The 53nd Annual Wallace Stevens Poetry Program with Carl Phillips at the Greater Hartford Academy of the Arts and the University of Connecticut
The University of Connecticut’s English Department and The Hartford are pleased to announce that Carl Phillips, the 53rd Annual Wallace Stevens Poet, will give two readings from his work, on March 22 and 23, 2016.
Mr. Phillips will read from his poems:
* At 7 p.m. on Tuesday, March 22 at the Konover Auditorium of the Dodd Center, 405 Babbidge Road on the UConn Storrs campus. Student winners of the Wallace Stevens Poetry Award will also be honored at the event. The reading will preceded by a reception starting at 6 p.m. in the lounge adjacent to the Konover Auditorium.
* And at 1:30 p.m. on Wednesday, March 23 at the CREC Greater Hartford Academy of the Arts at 15 Vernon Street in Hartford.
The readings and the reception are free and open to the public.
Described as “one of America’s most original, influential, and productive of lyric poets,” Carl Phillips is the author of over a dozen books of poetry, criticism, and translation. His most recent books of poetry include Reconnaissance (2015), Double Shadow (2011, winner of The Los Angeles Times Book Prize for Poetry and finalist for the National Book Award), and Speak Low (2009, finalist for the National Book Award). His work has been anthologized in The Vintage Book of Contemporary American Poetry (2003), The Vintage Book of African American Poetry (2000), and Gay and Lesbian Poetry in Our Time (1988). According to the Judges’ Citation for the 1998 National Book Awards, “Carl Phillips’s passionate and lyrical poems read like prayers, with a prayer’s hesitations, its desire to be utterly accurate, its occasional flowing outbursts.”
Phillips’s many honors include the Kingsley Tufts Poetry Award, a Lambda Literary Award, an Award in Literature from the American Academy of Arts and Letters, the Academy of American Poets Prize, induction into the American Academy of Arts and Sciences, and fellowships from the Guggenheim Foundation and the Library of Congress.
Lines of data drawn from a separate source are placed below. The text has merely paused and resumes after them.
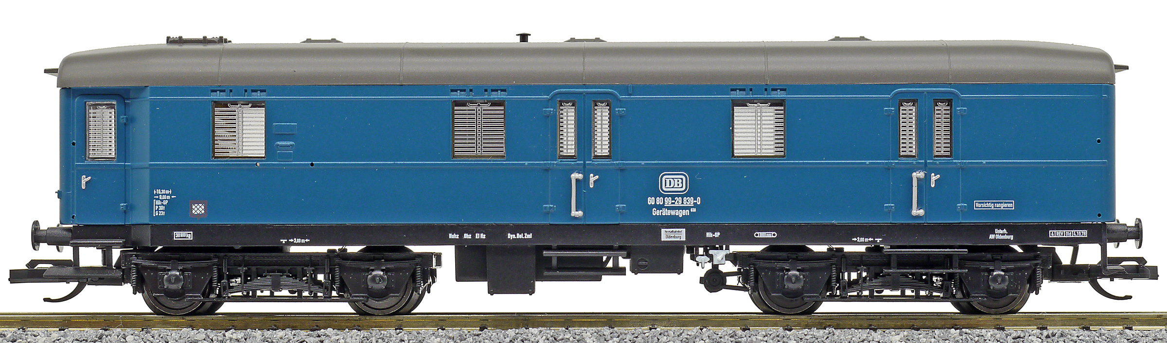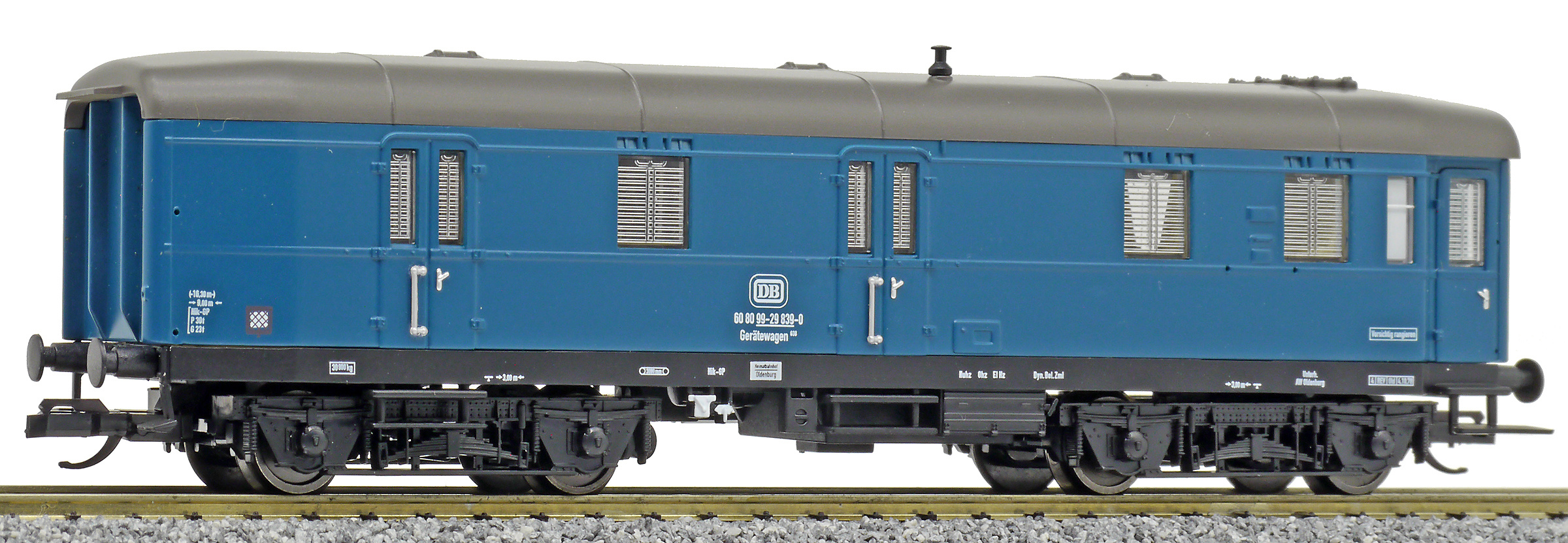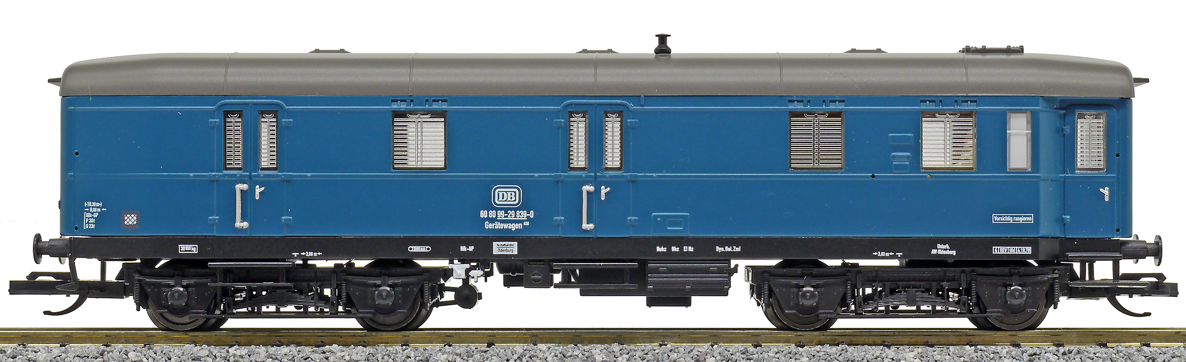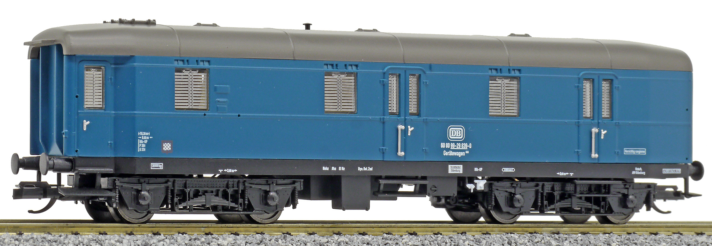 | vůz do pracovního vlaku modrý s šedou střechou |
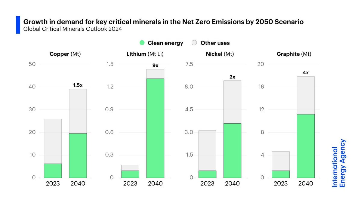 Growth in Demand for Key Critical Minerals #chartoftheday (via @IEA) The IEA projects a rapid increase in demand for some critical minerals like Lithium (9x) and Graphite (4x) in their Net Zero Emissions by 2050 Scenario.
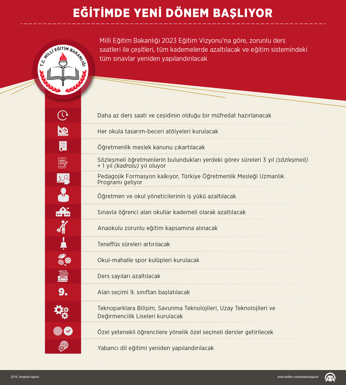 Milli Eğitim Bakanlığı 2023 Eğitim Vizyonu'na göre, zorunlu ders saatleri ile çeşitleri, tüm kademelerde azaltılacak ve eğitim sistemindeki tüm sınavlar yeniden yapılandırılacak.
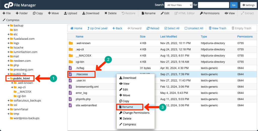 - Look for .htaccess in the public_html folder of the File Manager. Rename the file to disable it.
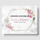 Modern gold frame and pink flowers on light grey marble stone texture
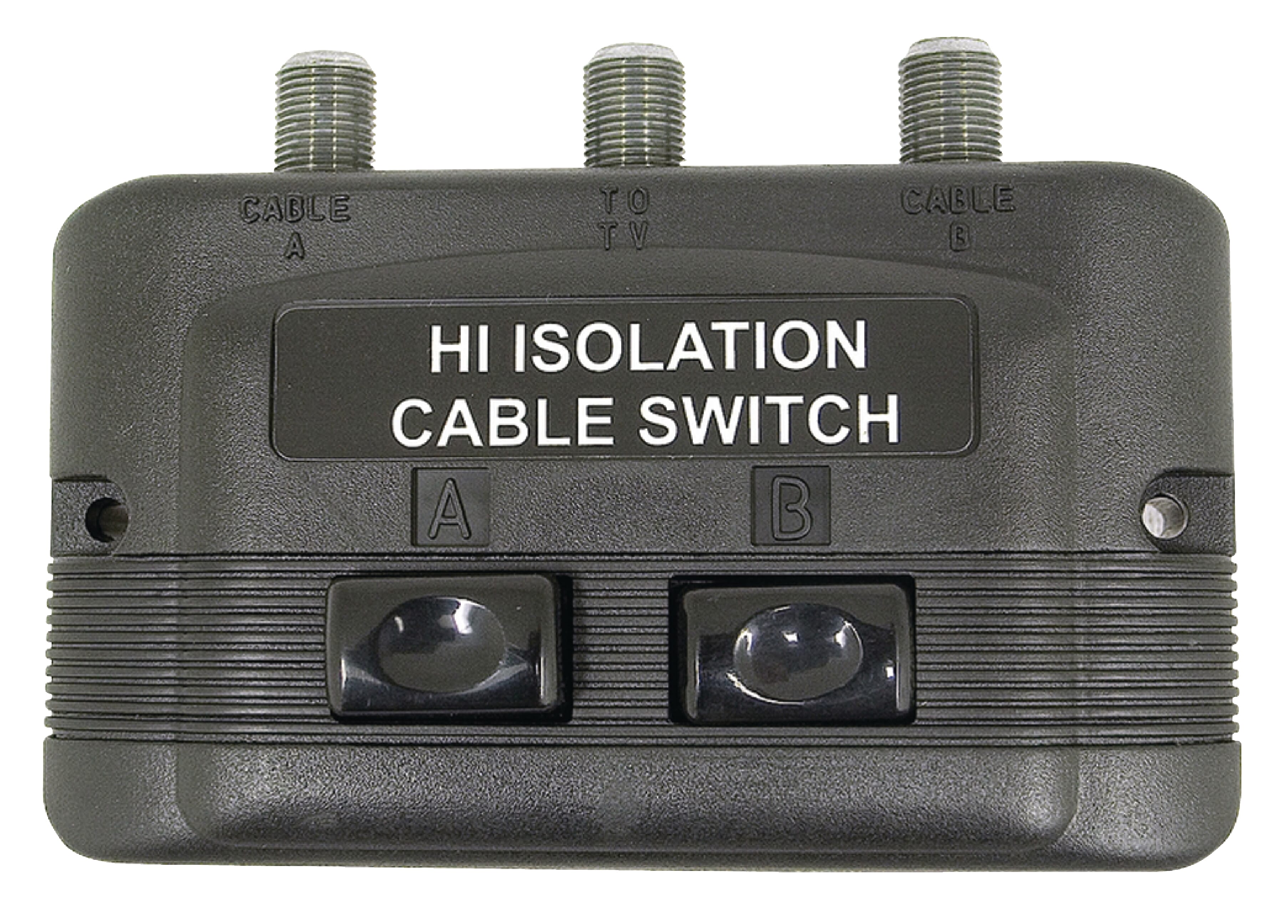En manuell switch med två ingångar. Genom en omkopplare väljs ingång 1 eller 2.
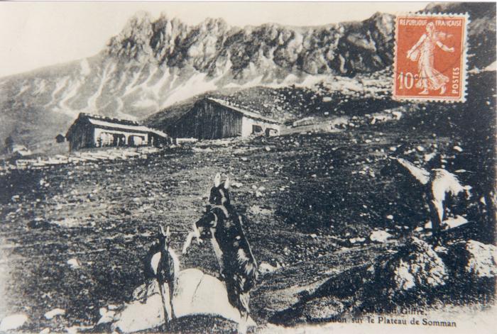Carte postale ancienne, noir et blanc, montrant des chèvres cabriolant sur le plateau de Sommand et deux chalets d'alpage.
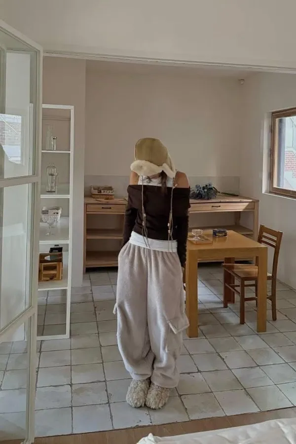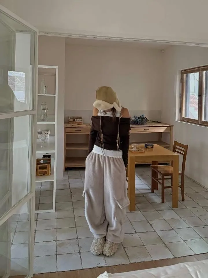 C16高檔櫃彈性腰圍毛毛口袋褲3色
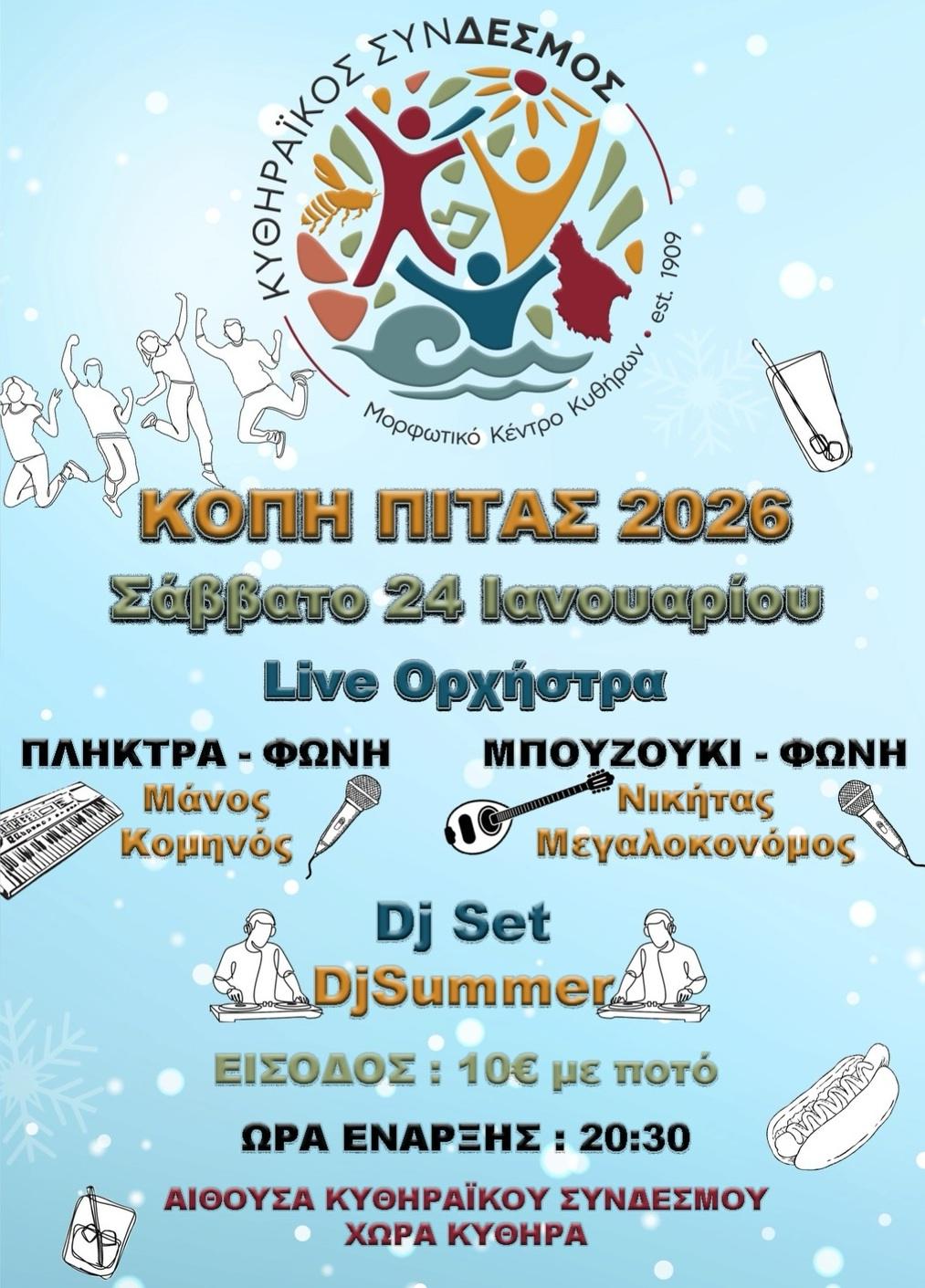 ΚύθηραΚυθηραϊκός Σύνδεσμος Κυθήρων – Χορός και κοπή πίτας το Σάββατο 24 Ιανουαρίου 2026 Από Tsirigo FM21 Ιανουαρίου 202621.01.20260770 Πηγή: Κυθηραϊκός Σύνδεσμος Κυθήρων
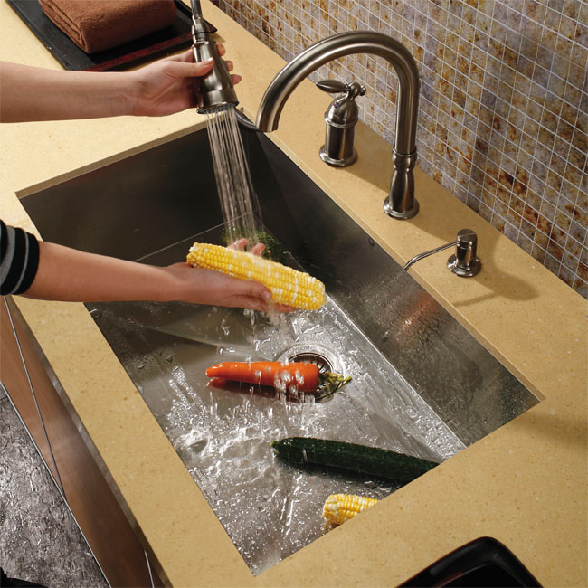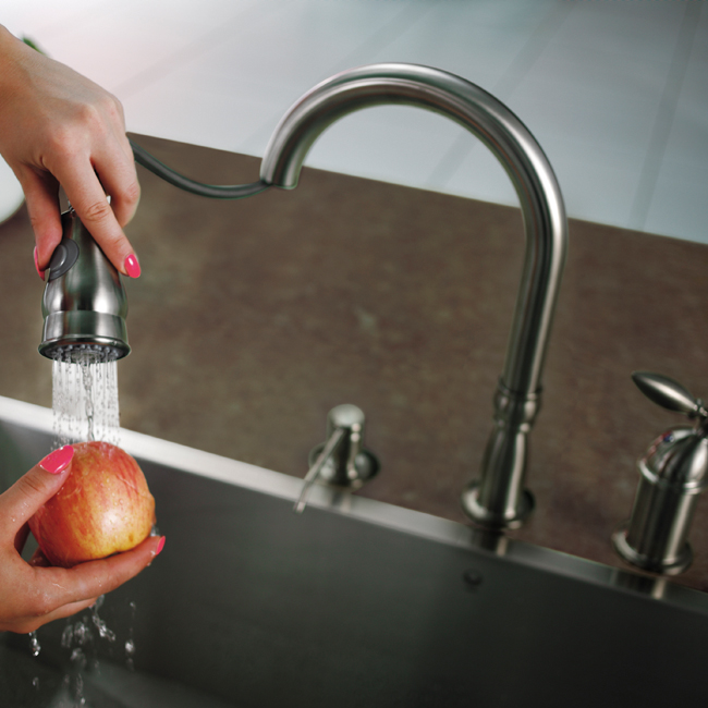 Update the look of your kitchen with this stylish, durable kitchen faucet

Phillips served as a Chancellor of the Academy of American Poets from 2006 to 2012. He is Professor of English and of African and African American Studies at Washington University in St. Louis, where he also teaches in the Creative Writing Program.
The Wallace Stevens Poetry Program began in 1964 with funding from The Hartford to honor Modernist master poet Wallace Stevens, a former Vice President of The Hartford. In the last half century, the Program has brought a roster of the most important national and international poets to Connecticut. This year’s Program is sponsored by The Hartford, as well as the University of Connecticut’s English Department, Humanities Institute, and Creative Writing Program, all housed in the College of Liberal Arts and Sciences. Additional support is provided by the UConn Rainbow Center.